**Exercise details:**
Your task is to write out every line of the data exactly. Drop the pictures.
═══ Dataset extract
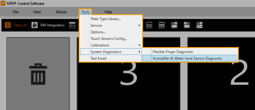 Open NT8 software and go to Tools > System Diagnostics > Humidifier & Water Level Sensor Diagnostics.
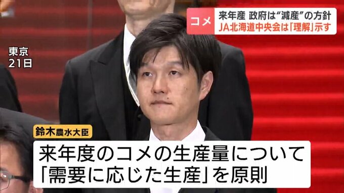 来年産の食用のコメの生産量について政府が増産方針から一転して今年より減産させると明らかにしたことを受け、JA北海道中央会は需要に合った作付けを行うと理解を示しました。
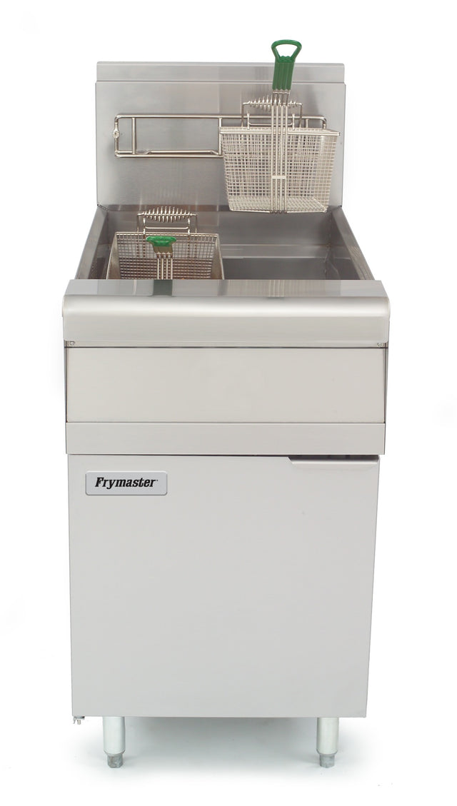 Frymaster® Performance Fryer, gas, floor model, 80 lb. capacity, for chicken & fish, open frypot design, millivolt controller, centerline fast-action temperature probe, thermostat knob on front panel (not available with built-in filtration), includes: rack-type basket support, basket hanger & (2) twin baskets, flue deflector, stainless steel frypot, door & cabinet, 150,000 BTU, CSA Star, CSA Flame, cCSAus, NSF, CE
══════
**Response to the exercise:**
 Open NT8 software and go to Tools > System Diagnostics > Humidifier & Water Level Sensor Diagnostics.
 来年産の食用のコメの生産量について政府が増産方針から一転して今年より減産させると明らかにしたことを受け、JA北海道中央会は需要に合った作付けを行うと理解を示しました。
 Frymaster® Performance Fryer, gas, floor model, 80 lb. capacity, for chicken & fish, open frypot design, millivolt controller, centerline fast-action temperature probe, thermostat knob on front panel (not available with built-in filtration), includes: rack-type basket support, basket hanger & (2) twin baskets, flue deflector, stainless steel frypot, door & cabinet, 150,000 BTU, CSA Star, CSA Flame, cCSAus, NSF, CE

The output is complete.